Precautionary saving by young immigrants and young natives.

AuthorAmuedo-Dorantes, Catalina
  1. Introduction and Literature Review

    Foreign-born population accounted for approximately 9% of the total population residing in the United States by the mid-1990s and, including their children, they were responsible for approximately 51% of the U.S. population growth (Martin 1995). These dramatic changes in the U.S. population have prompted much economic research on the immigrant population. But despite the great deal of attention that has been paid to the labor market progress of immigrants, little is known about their saving and wealth accumulation patterns. (1)

    Many studies requiring information on the saving behavior of immigrants simply assume that immigrant savings parallel that of natives (MaCurdy, Nechyba, and Bhattacharya 1998). However, it may be the case that immigrants behave differently, have different motives, different opportunities, and different needs with respect to saving and wealth accumulation vis-a-vis natives.

    Most of the limited literature on the saving behavior of immigrants is inspired by European and Middle Eastern guest-worker migration and consequently is geared to the behavior of temporary migrants. (2) Three papers that focus on the saving behavior of immigrants in general are the papers by Galor and Stark (1990), Carroll, Rhee, and Rhee (1994), and Dustmann (1997). Galor and Stark note that immigrants and natives differ from one another in their migration probabilities.
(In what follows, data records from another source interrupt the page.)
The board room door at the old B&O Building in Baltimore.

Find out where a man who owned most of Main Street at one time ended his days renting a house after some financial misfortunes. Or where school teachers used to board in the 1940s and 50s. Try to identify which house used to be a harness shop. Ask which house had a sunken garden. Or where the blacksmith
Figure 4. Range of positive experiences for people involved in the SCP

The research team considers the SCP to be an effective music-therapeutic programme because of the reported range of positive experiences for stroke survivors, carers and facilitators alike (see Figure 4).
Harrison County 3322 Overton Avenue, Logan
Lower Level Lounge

Because immigrants have ties to other countries, it is more likely that they emigrate relative to the native-born worker. (3) Using an overlapping-generations model, Galor and Stark show that the higher the probability of emigration, the higher is the level of savings. Hence, they predict immigrants save more than the native-born.

    Dustmann models precautionary savings and assumes that immigrants maximize expected lifetime utility from consumption in the host and home country proportionally to the lifetime spent abroad and at home. (4) Under appropriate restrictions, (5) Dustmann shows that, if labor markets in the home and host countries are uncorrelated, immigrants will carry out more precautionary savings relative to a comparable native worker, because immigrants will be subject to greater income risk in the host country. (6) However, it is also possible in Dustmann's formulation to have immigrants engaging in less precautionary saving relative to native workers. For example, if economic conditions across the two countries are correlated, immigrants could be subject to less lifelong income risk than natives, given their ability to diversify away labor market risk by operating in two markets rather than just one, as in the case of natives. Additionally, if the risk preferences of natives and immigrants are different, then the precauti onary saving motive could be more or less pronounced in one group relative to the other, all else equal.
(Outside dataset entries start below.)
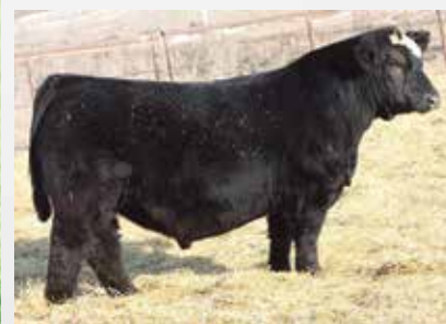
W/C Fort Knox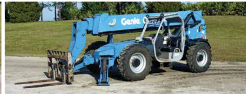
1 of 3 – Genie GTH1056 10000 Lb 4x4x4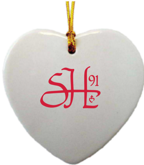
Actual Size of Imprint Dotted Lines Do Not Print

Imprint Method: Screen Print on the Front : Red 186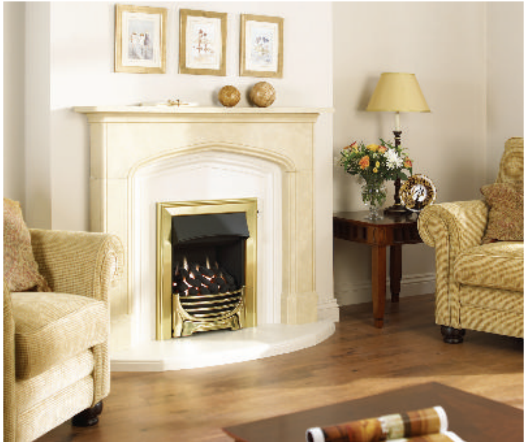
Decadent (with deep bed) in brass.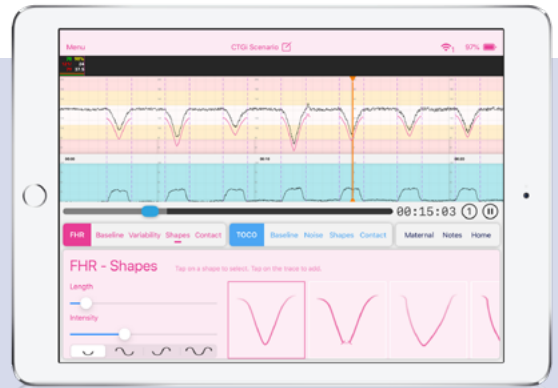
Fetal Heart Rate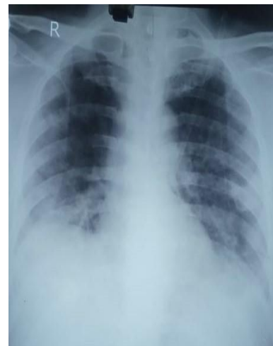
Figure 3: A-P view Chest X-ray (7th day post admission), an improvement in air entry bilaterally.

Breathing exercises involved diaphragmatic and segmental breathing along with thoracic expansion exercises. When patient started tolerating sitting position, progression was made to standing position. Initially the patient felt giddy which improved when patient spent more time sitting upright as advised. When the patient started tolerating standing position and maintaining normal vitals in standing, he was progressed with spot marching, rotation of head and trunk for balance training (5-10 repetitions) and walking sideways besides the bed (5 steps on each side). On subsequent days when the complaints of giddiness subsided, progression was made with patient made to walk around the bed (2 circles). As per the guidelines, drop of oxygen saturation of >3 percent and/or increase in the pulse rate above 120 beats per minute meant terminating the exercise and giving rest to the patient to restore the normal resting oxygen saturation and pulse rate and continuing thereafter if these vitals are stable [2, 6, 10]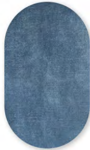
VELVET E-1610 158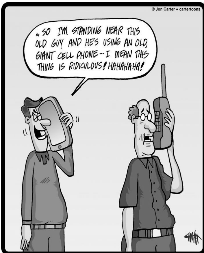
Cartoon Stock - Order #664130

Congratulations! You've won a $50 gift card to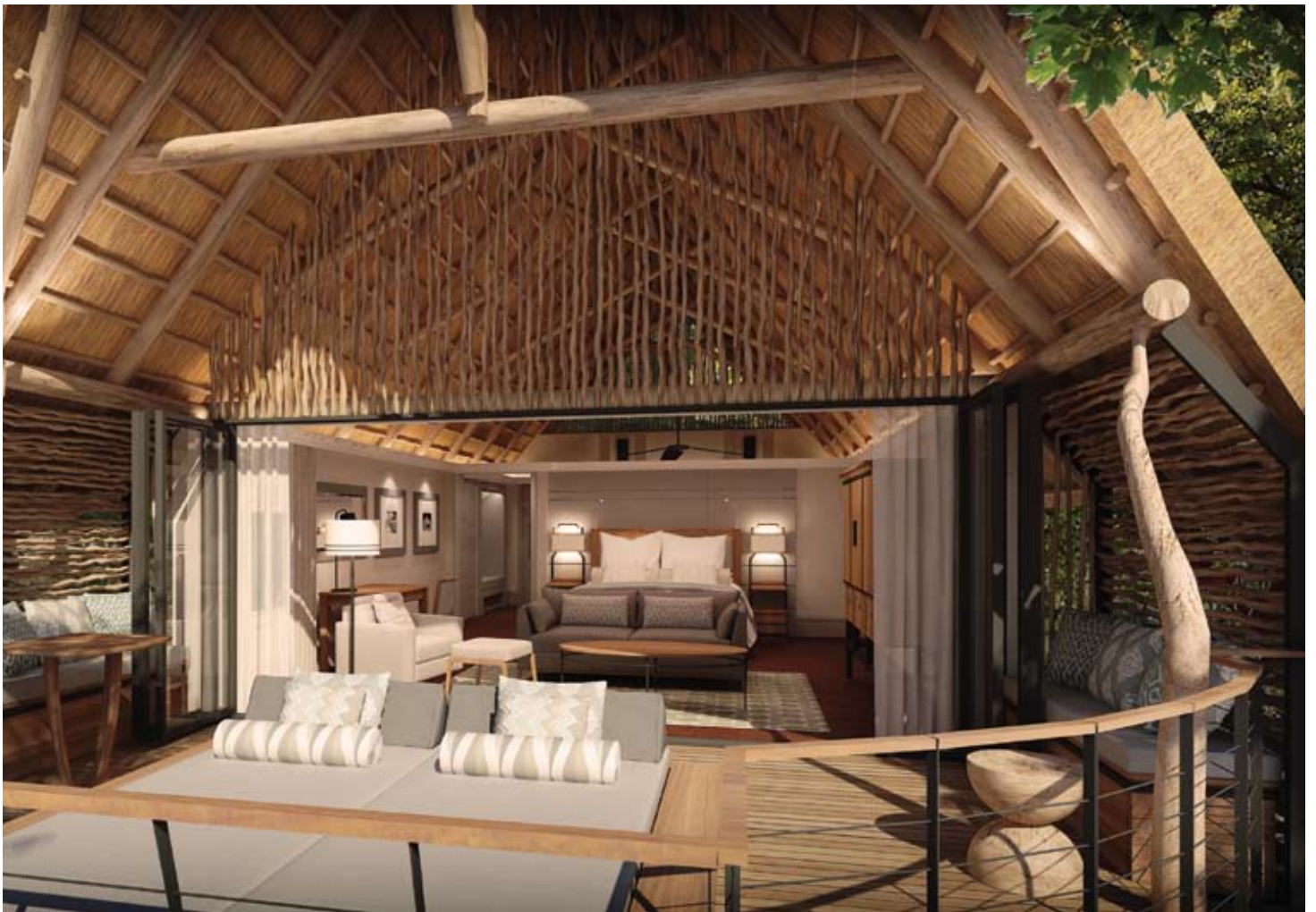
85 m 2 of indoor and outdoor luxury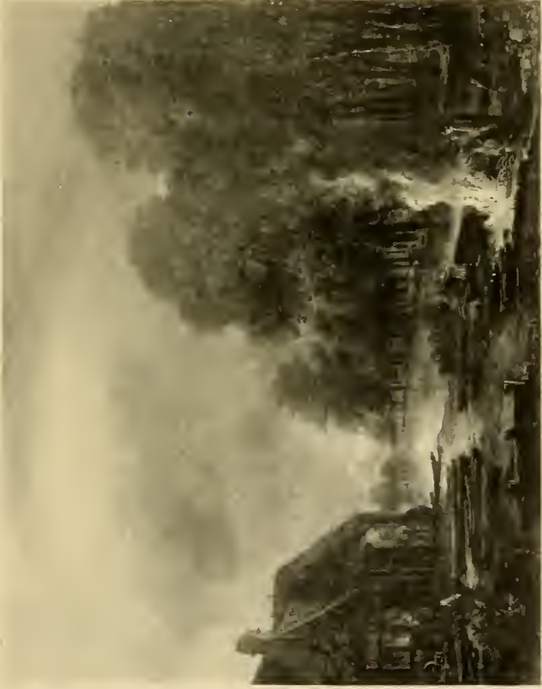
THE FARRIER BY AERT VAN DER NEER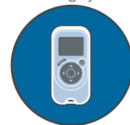
Remote control unit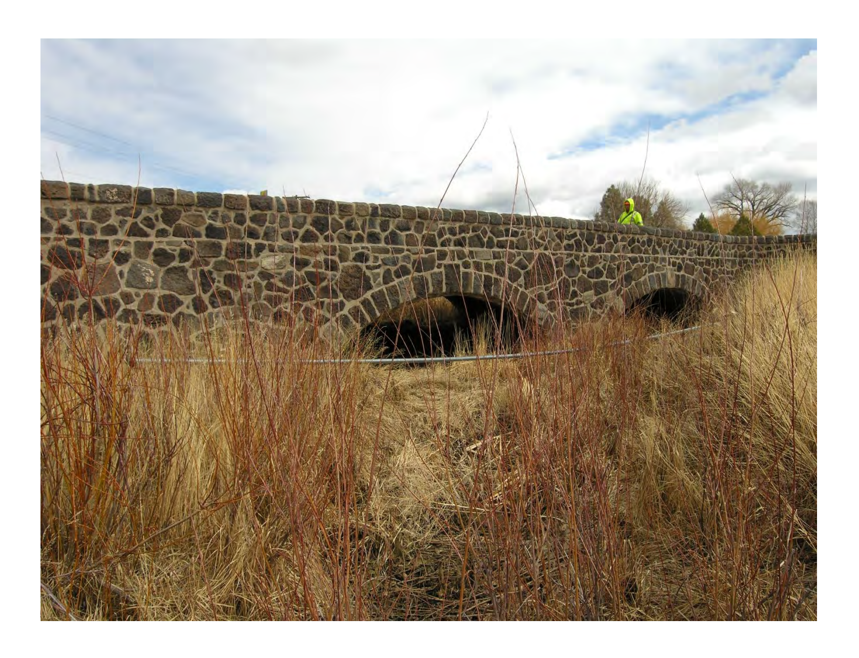
Rito Seco Creek Culvert, Costilla County, State Highway 142, Steel Arch Culvert/Multiplate Arch Culvert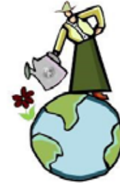
Northeast Wisconsin Unit of the Herb Society of America

The Northeast Wisconsin Unit of the Herb Society of America is a group of herb enthusiasts who started as an herb study group. In 2002, they requested and received affiliation with the Herb Society of America.

    Carroll, Rhee, and Rhee (1994) use the Canadian Survey of Family Expenditures to compare saving behavior of immigrants to Canada from different regions of the world. They conclude that immigrant saving does not significantly differ by country of origin. However, they do find that recent immigrants save less than do Canadian-born, and that immigrants' saving behavior approaches the pattern of the Canadian-born over time.
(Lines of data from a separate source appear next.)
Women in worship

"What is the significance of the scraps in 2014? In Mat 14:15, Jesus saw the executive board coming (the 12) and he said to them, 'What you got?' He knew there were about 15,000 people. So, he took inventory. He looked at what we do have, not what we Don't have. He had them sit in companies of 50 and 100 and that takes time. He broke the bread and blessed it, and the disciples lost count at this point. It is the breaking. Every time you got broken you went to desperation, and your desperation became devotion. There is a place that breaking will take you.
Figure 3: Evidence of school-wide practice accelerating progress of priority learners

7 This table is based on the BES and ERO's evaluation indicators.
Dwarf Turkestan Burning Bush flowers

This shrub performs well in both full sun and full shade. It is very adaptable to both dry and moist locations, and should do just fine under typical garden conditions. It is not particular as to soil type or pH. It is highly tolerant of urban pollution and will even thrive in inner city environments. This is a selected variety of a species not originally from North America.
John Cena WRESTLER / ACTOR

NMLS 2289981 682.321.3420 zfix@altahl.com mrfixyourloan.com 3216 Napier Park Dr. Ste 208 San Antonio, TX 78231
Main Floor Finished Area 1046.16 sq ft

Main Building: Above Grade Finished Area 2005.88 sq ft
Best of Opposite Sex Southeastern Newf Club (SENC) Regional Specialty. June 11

    Overall the theoretical literature tends to favor the hypothesis that immigrants carry out more precautionary savings than natives, which could result in immigrants accumulating more wealth than natives. Immigrants face greater uncertainty regarding their labor market participation, labor market progress, and health care coverage. These factors, along with geographic distance, may make it more difficult to obtain financial support from family members in times of necessity, requiring that immigrants maintain larger stocks of precautionary saving. But Dustmann's model, in consonance with a widely held view, also allows for immigrants to be more risk tolerant than natives since they are willing to undergo higher uncertainties and risks when they decide to migrate to a new country (Barsky et al. 1997). Furthermore, the covariance of labor market conditions across the home and host country labor market could result in lower precautionary saving and wealth accumulation in the case of immigrants.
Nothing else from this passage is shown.